The ASSP began studying the use of body sensors to help detect signs of fatigue and alert supervisors to the need for intervention. Researchers found the common root causes of fatigue were lack of sleep, shift schedule, and work stress. Wearable sensors monitoring body movements can detect the starting point of fatigue.  Wearable sensors can detect physical fatigue in a number of different occupational settings, and researchers suggested manufacturing-sector employers could benefit from investing in data-driven assessments to prevent occupational injury.

However, employees and labor unions could challenge the adoption of body sensor technology.

The American Industrial Hygiene Association (AIHA) supports collecting and analyzing large amounts of data from body sensors to better protect workers. The group called for significant increases in funding for research and development of sensors to detect workers’ exposures to biological, chemical, physical, and radiological hazards.

Marijuana grow operation

Canna Obscura / Shutterstock.com

Cannabis

Safety problems posed by worker impairment will plague employers as more states pass medical and recreational cannabis/marijuana laws.

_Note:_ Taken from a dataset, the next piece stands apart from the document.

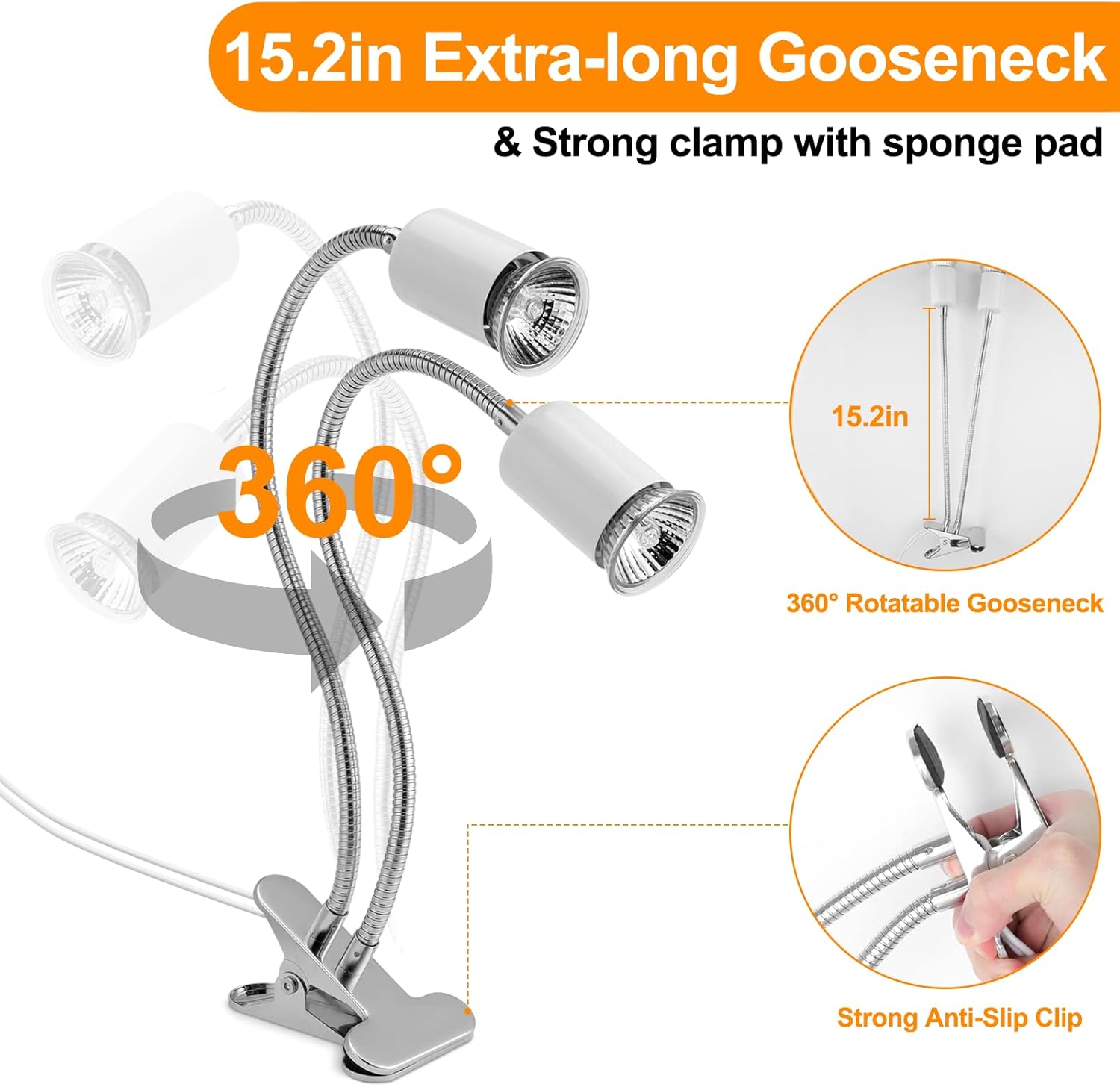 The double-head design can cover a wider area and can provide more simulated sunlight.Intelligent cycle timer Longer gooseneck designAdjustable brightnessPremium ceramic lamp holders 4 Bulbs included

Illinois became the 11th state to legalize recreational use of marijuana. Now, 34 states and Washington, D.C., have legalized either medical or recreational marijuana use. Illinois’s law goes into effect January 1. Several bills to decriminalize, reclassify, or legalize marijuana also have been introduced in the U.S. Congress.

Employers have good reason for concern. Positive drug test results for transportation and warehousing workers increased by double digits between 2015 and 2017, according to laboratory testing firm Quest Diagnostics.

Six industry sectors saw year-over-year increases in positive results for marijuana of least 20%—transportation and warehousing, other services, construction, wholesale trade, manufacturing, and accommodation and food services.

There is no test yet that measures the degree of impairment caused by various levels of tetrahydrocannabinol (THC).

While the impacts of various blood alcohol levels are well understood, the science behind marijuana impairment is not as well defined. In the absence of any reliable impairment testing, the AIHA and NSC both have advocated for zero-tolerance policies for workers in safety-sensitive positions.

The NSC has pointed out that an increase in motor vehicle accidents involving THC occurs in states after implementation of medical or recreational marijuana laws. The American College of Occupational and Environmental Medicine (ACOEM) also released a policy statement cautioning that marijuana interferes with safety performance in the workplace.